* About this exercise *
Each line from the top of the listing down to and including the line with "Amsterdams Nijverheids Instituut" must be duplicated exactly; pictures are to be skipped.

* Data *
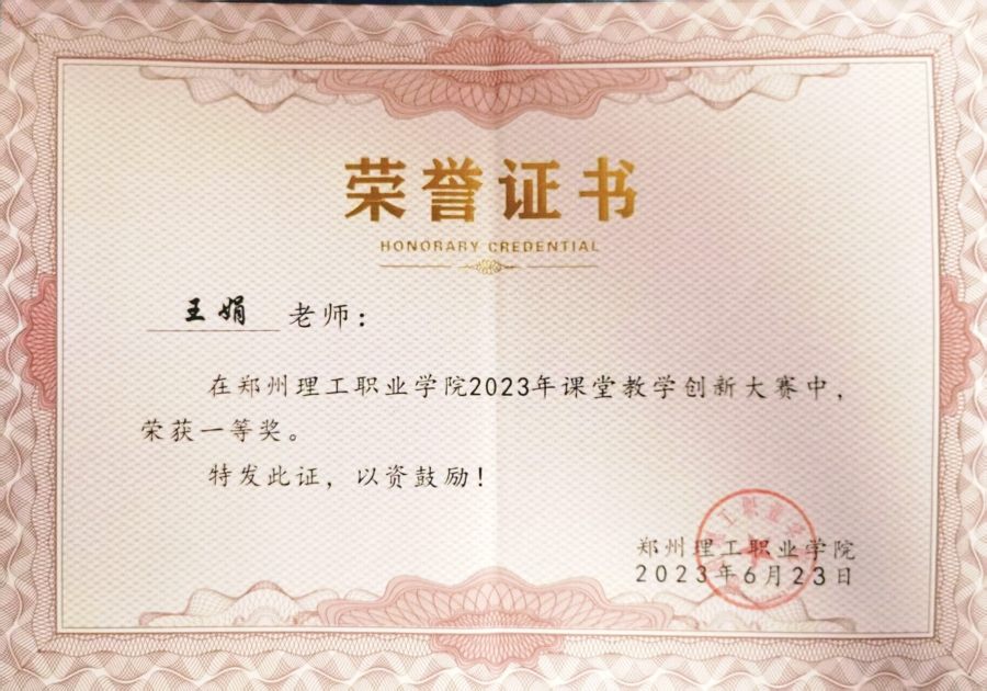 多年来,王娟老师先后荣获学校“优秀教师”“先进教育工作者”“优秀党员”“巾帼建功标兵”等荣誉称号,被评为“郑州市民办教育优秀教师”。每一项荣誉的背后,都是她对教育事业无限热爱与不懈追求的见证。
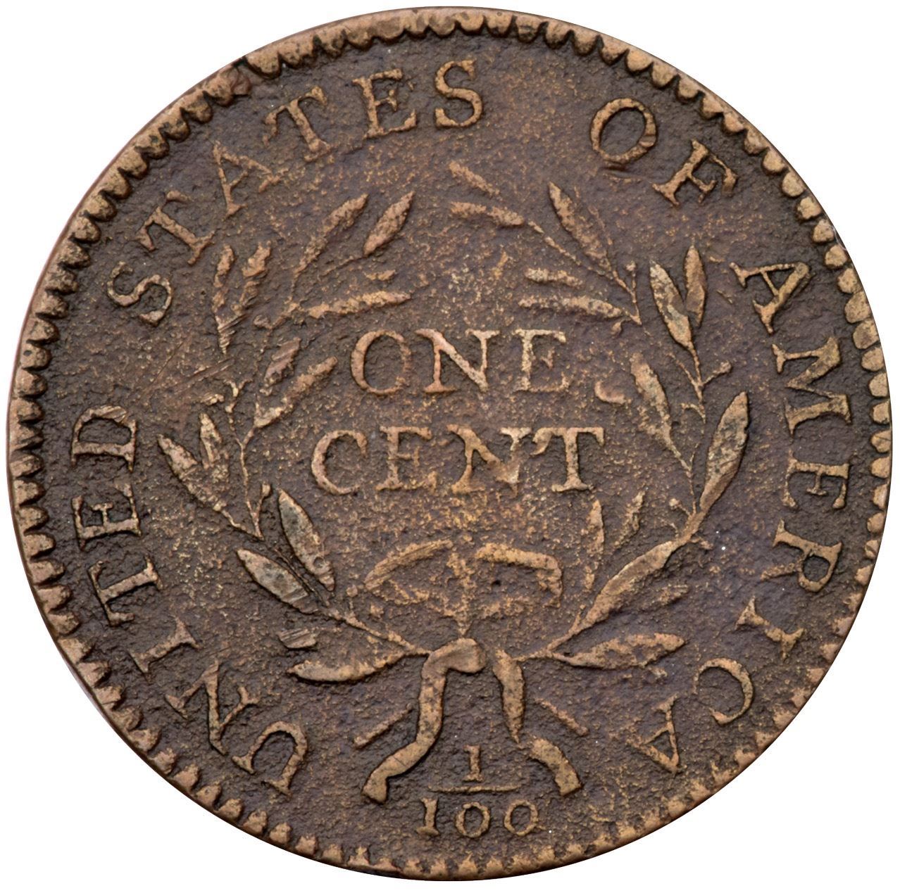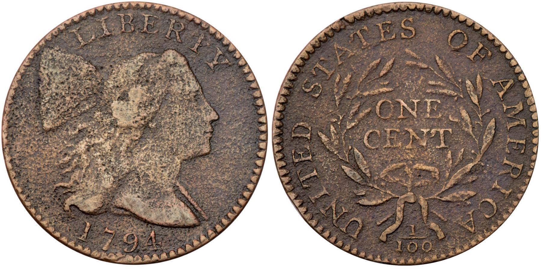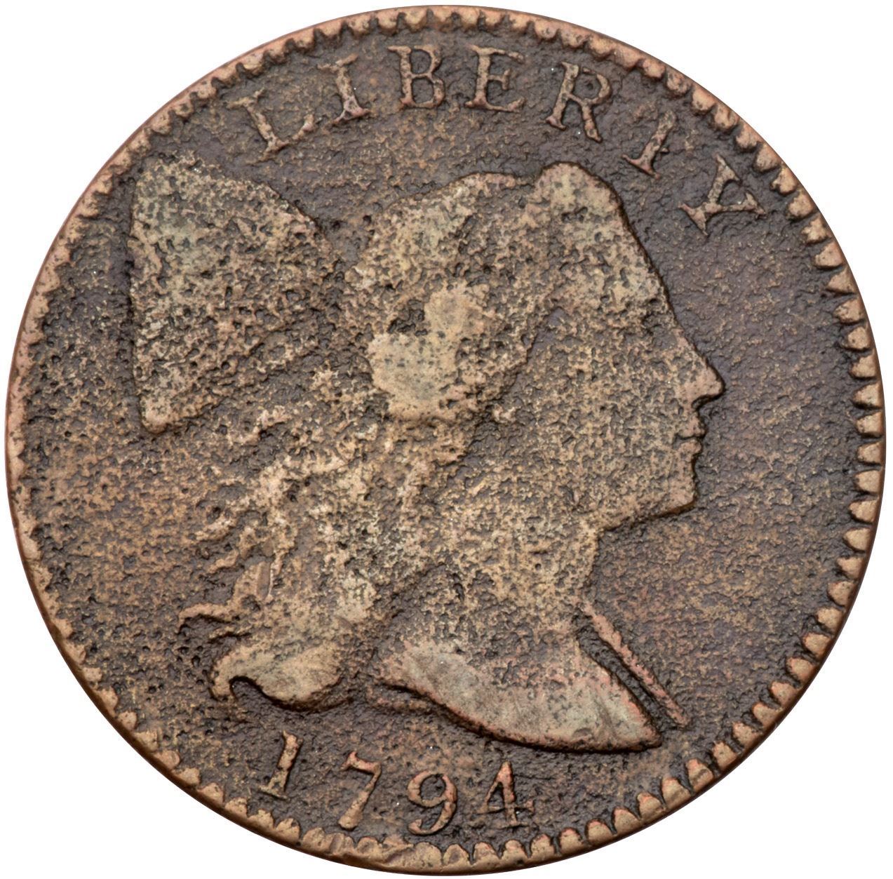 1794 S-66 R-5 VG8Sharpness VF20 but both sides are covered with uniform fine porosity. No verdigris and the only mark is a small nick or chip on the rim over the second T in STATES. Slightly glossy brown and light chocolate. E-MDS, Breen state II, with a fine die crack along the lower edge of the pole. A nicely detailed example of this tough variety, one of the sharpest known. Graded VF20 net VG7 and tied for CC#12 in the Noyes census, his photo #25727.Certificate Number: Pedigree: Ex Hance Jaquett 6/1979-Fred H. Borcherdt Collection
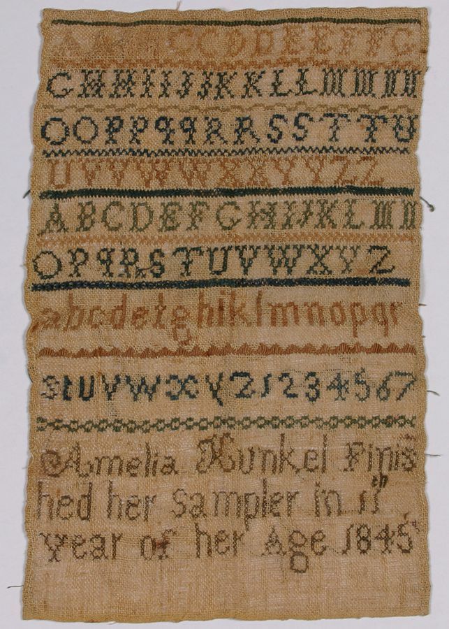 Sampler. Alphabet sampler. Natural linen; cross, flat and cat stitches in green, blue, brown and tan. 3 alphabets, each in a different stitch; one set of numerals 1 through 7. Signed "Amelia Kunkel finis hed her sampler in 11th year of her age 1845". 13" x 8".Acquisition
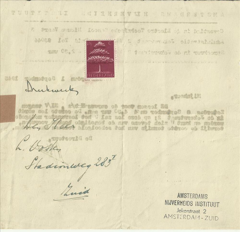 Amsterdams Nijverheids Instituut - bericht voor dhr ...
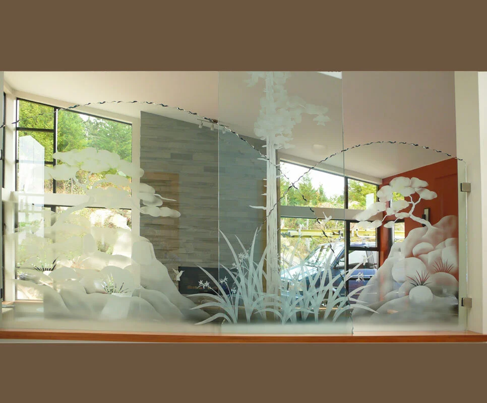 Glass has become a common building material. It is strong and durable, it does not block light and it can create the feeling of open space. But often the opening with glass looks empty. It opens the view indiscriminately from inside out and from outside in. With sandblasting it is possible to create privacy, to block the views you don’t want, or to frame the part of a view you particularly enjoy.
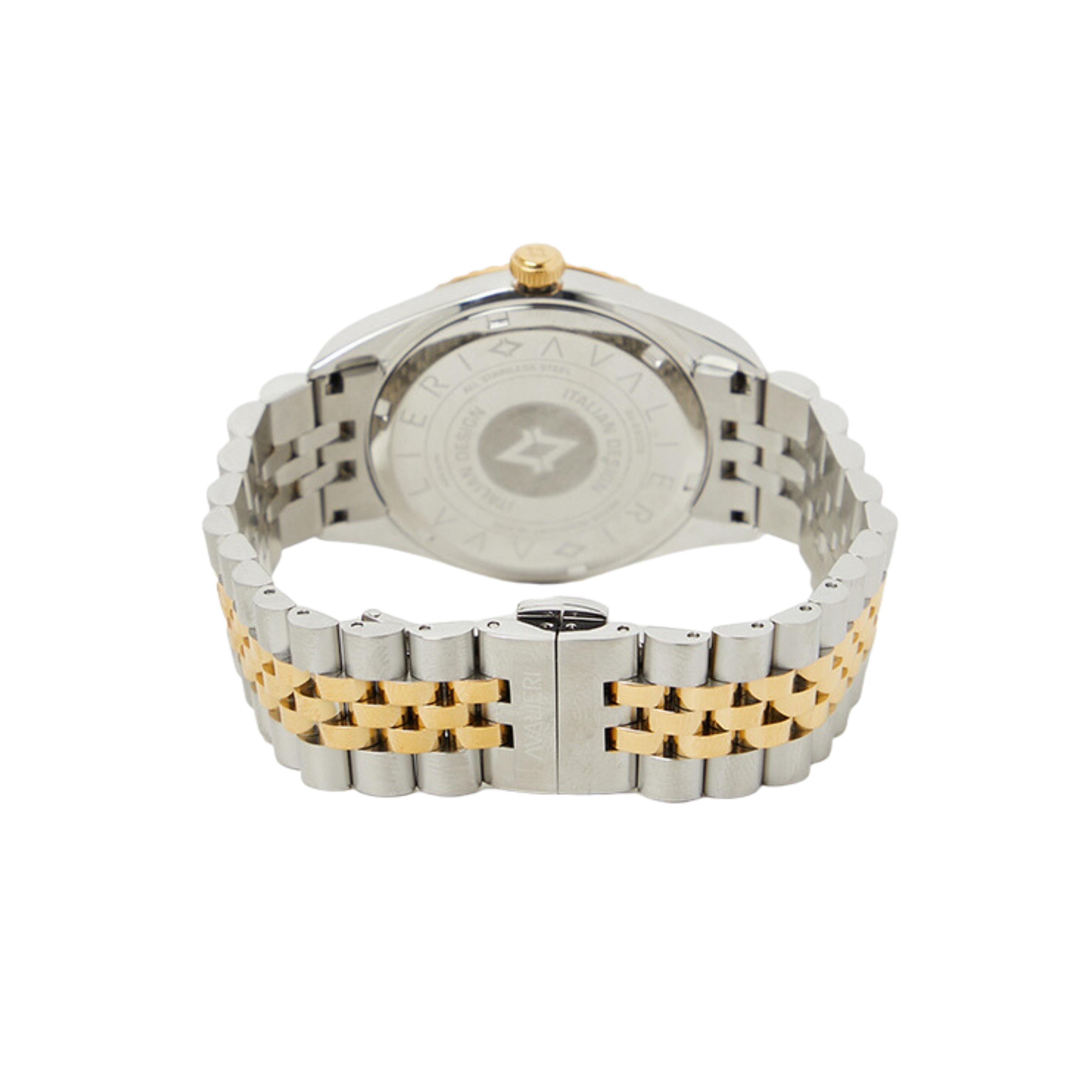 تتميز هذه الساعة من أفاليري باللون الفضي وذهبي وبسوار ذات جودة عالية مصنوعة من الفولاذ المقاوم للصدأ (ستانلس ستيل) وهيكل مصنوع من الفولاذ المقاوم للصدأ (ستانلس ستيل) بمقاس 39.6ملم وبسمك 5.3ملم محمي بطبقة من الزجاج المعدني القوي وبحركة كوارتز الموثوقة ولدى الساعة مقاومة ضد الماء حتى 100 متر
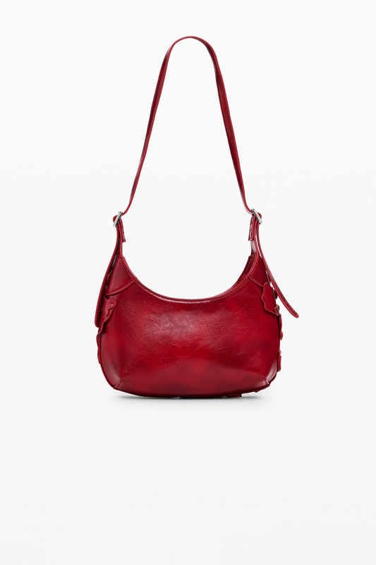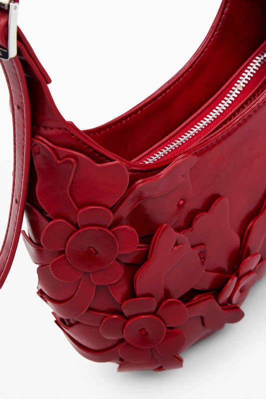 - Bolso de hombro de tamaño pequeño, en efecto piel de color rojo con acabado brillante, apliques en forma de flor y cierre de cremallera.
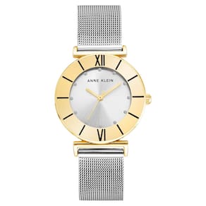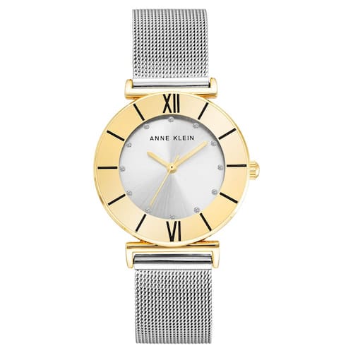 Relógio feminino Anne Klein com pulseira de malha com detalhes em glitter — Lente de cristal mineral — Mostrador prateado com ponteiros dourados e marcadores com detalhes em glitter — Pulseira de malha prateada com fivela deslizante ajustável — Não resistente à água
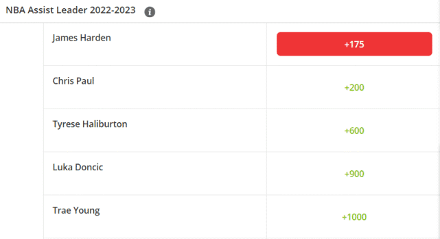 来源:24直播网10-08 22:3224直播网10月08日,2022-23NBA赛季即将正式开启,六大单项数据王的赔率也已出炉!恩比德最被看好蝉联得分王,哈登是助攻王之争的领跑者,而库里在三分王赔率排名上遥遥领先。

* Exercise result *
 多年来,王娟老师先后荣获学校“优秀教师”“先进教育工作者”“优秀党员”“巾帼建功标兵”等荣誉称号,被评为“郑州市民办教育优秀教师”。每一项荣誉的背后,都是她对教育事业无限热爱与不懈追求的见证。
 1794 S-66 R-5 VG8Sharpness VF20 but both sides are covered with uniform fine porosity. No verdigris and the only mark is a small nick or chip on the rim over the second T in STATES. Slightly glossy brown and light chocolate. E-MDS, Breen state II, with a fine die crack along the lower edge of the pole. A nicely detailed example of this tough variety, one of the sharpest known. Graded VF20 net VG7 and tied for CC#12 in the Noyes census, his photo #25727.Certificate Number: Pedigree: Ex Hance Jaquett 6/1979-Fred H. Borcherdt Collection
 Sampler. Alphabet sampler. Natural linen; cross, flat and cat stitches in green, blue, brown and tan. 3 alphabets, each in a different stitch; one set of numerals 1 through 7. Signed "Amelia Kunkel finis hed her sampler in 11th year of her age 1845". 13" x 8".Acquisition
 Amsterdams Nijverheids Instituut - bericht voor dhr ...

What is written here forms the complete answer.